━━━━━ Provided material
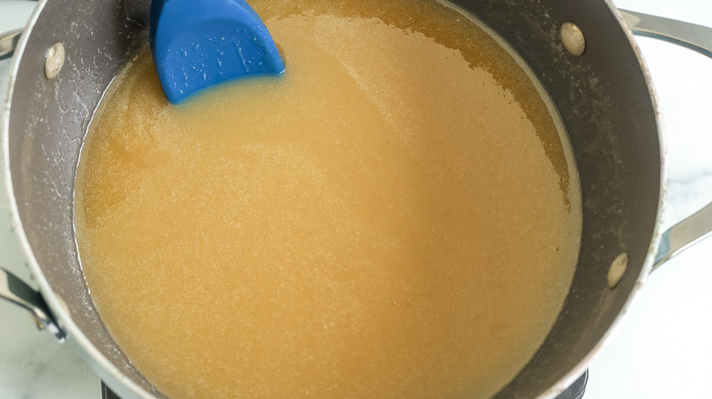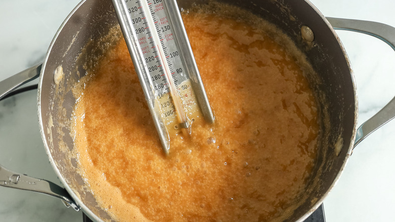 - Bring the mixture to a boil, then reduce the heat to medium-low and add a candy thermometer to the pot.
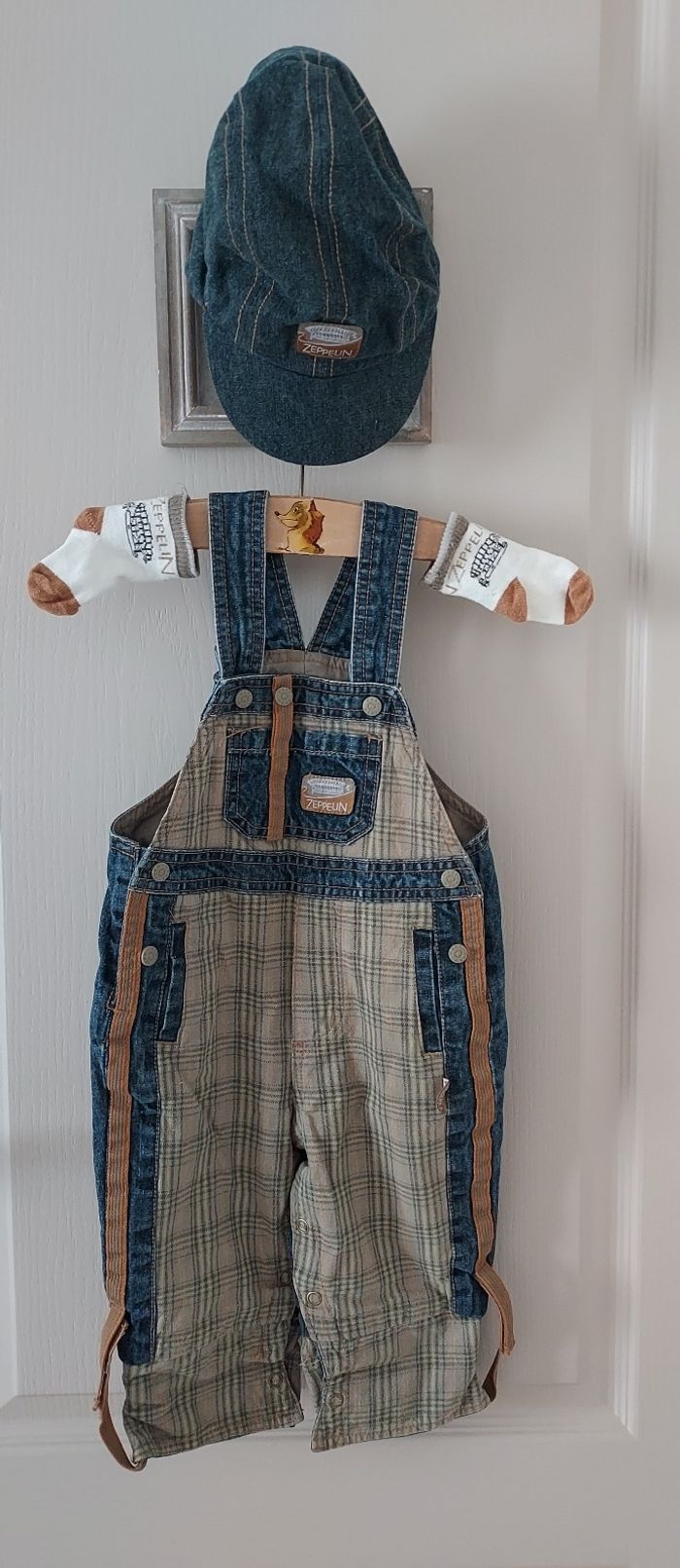 Salopette, casquette, chaussettes 12mois
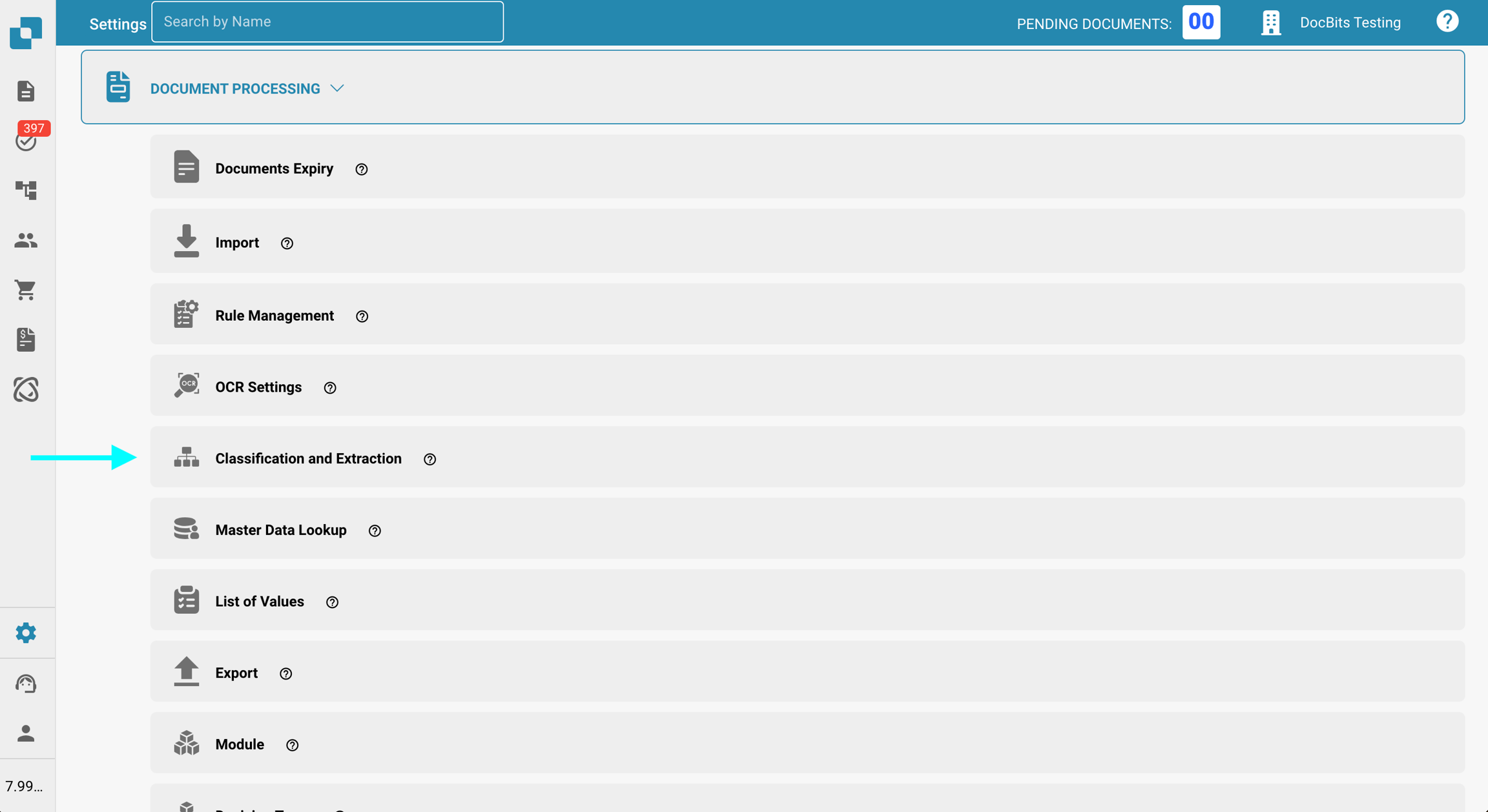 Naviguez vers Paramètres → Traitement des documents → Classification et extraction
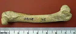 Chendytes lawi is an extinct, goose-sized flightless marine duck, once common on the California coast, the California Channel Islands, and possibly southern Oregon. It lived in the Pleistocene and survived into the Holocene. It appears to have gone extinct at about 450–250 BCE.[3] The youngest direct radiocarbon date from a Chendytes bone fragment dates to 770–400 BCE and was found in an archeological site in Ventura County. Its remains have been found in fossil deposits and in early coastal archeological sites. Archeological data from coastal California show a record of human exploitation of Chendytes lawi for at least 8,000 years.[3] It was probably driven to extinction by hunting, animal predation, and loss of habitat. Chendytes bones have been identified in archaeological assemblages from 14 coastal sites, including two on San Miguel Island and 12 in mainland localities.[3] Hundreds of Chendytes bones and egg shells found in Pleistocene deposits on San Miguel Island have been interpreted as evidence that some of these island fossil localities were nesting colonies, one of which Guthrie dated to about 12,000 14C years (about 13,500–13,000 calibrated years B.P.).[3] There is nothing in the North American archaeological record indicating a span of exploitation for any megafaunal genus remotely as long as that of Chendytes.[3]
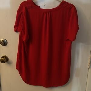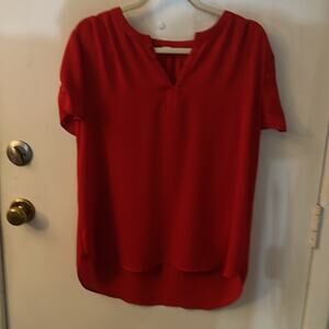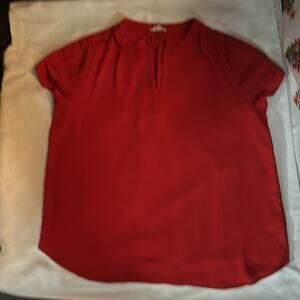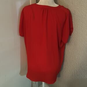 Pleione Red V-Neck Short Sleeve Blouse M Cherry Girl Holiday Corporate Siren
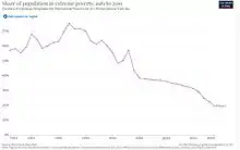 The African country of Ethiopia has made massive strides towards alleviating poverty since 2000 when it was assessed that their poverty rate was one of the greatest among all other countries.[1] The country has made great strides in different areas of the Millennium Development Goals including eradicating various diseases and decreasing the rate of child mortality.[1] Despite these improvements, poverty is still extremely high within the country.[1] One of the leading factors in driving down poverty was the expansion of the agricultural sector.[1] Poor farmers have been able to set higher food prices to increase their sales and revenue, but this expansion has come at a cost to the poorest citizens of the country, as they could not afford the higher priced food.[1] One of the biggest challenges to alleviating this issue is changing the structure of Ethiopia's economy from an agricultural-based economy to a more industry-based economy.[1] The current strategy for addressing poverty in Ethiopia is by building on existing government systems and development programs that are already in place within the country.[2]
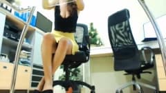 Secretária Lusty levanta sua saia e se masturba com seu vibrador
━━━━━━━━━━
Work order ->
An exact reproduction of the data above is required, with every picture removed.

Answer section ->
 - Bring the mixture to a boil, then reduce the heat to medium-low and add a candy thermometer to the pot.
 Salopette, casquette, chaussettes 12mois
 Naviguez vers Paramètres → Traitement des documents → Classification et extraction
 Chendytes lawi is an extinct, goose-sized flightless marine duck, once common on the California coast, the California Channel Islands, and possibly southern Oregon. It lived in the Pleistocene and survived into the Holocene. It appears to have gone extinct at about 450–250 BCE.[3] The youngest direct radiocarbon date from a Chendytes bone fragment dates to 770–400 BCE and was found in an archeological site in Ventura County. Its remains have been found in fossil deposits and in early coastal archeological sites. Archeological data from coastal California show a record of human exploitation of Chendytes lawi for at least 8,000 years.[3] It was probably driven to extinction by hunting, animal predation, and loss of habitat. Chendytes bones have been identified in archaeological assemblages from 14 coastal sites, including two on San Miguel Island and 12 in mainland localities.[3] Hundreds of Chendytes bones and egg shells found in Pleistocene deposits on San Miguel Island have been interpreted as evidence that some of these island fossil localities were nesting colonies, one of which Guthrie dated to about 12,000 14C years (about 13,500–13,000 calibrated years B.P.).[3] There is nothing in the North American archaeological record indicating a span of exploitation for any megafaunal genus remotely as long as that of Chendytes.[3]
 Pleione Red V-Neck Short Sleeve Blouse M Cherry Girl Holiday Corporate Siren
 The African country of Ethiopia has made massive strides towards alleviating poverty since 2000 when it was assessed that their poverty rate was one of the greatest among all other countries.[1] The country has made great strides in different areas of the Millennium Development Goals including eradicating various diseases and decreasing the rate of child mortality.[1] Despite these improvements, poverty is still extremely high within the country.[1] One of the leading factors in driving down poverty was the expansion of the agricultural sector.[1] Poor farmers have been able to set higher food prices to increase their sales and revenue, but this expansion has come at a cost to the poorest citizens of the country, as they could not afford the higher priced food.[1] One of the biggest challenges to alleviating this issue is changing the structure of Ethiopia's economy from an agricultural-based economy to a more industry-based economy.[1] The current strategy for addressing poverty in Ethiopia is by building on existing government systems and development programs that are already in place within the country.[2]
 Secretária Lusty levanta sua saia e se masturba com seu vibrador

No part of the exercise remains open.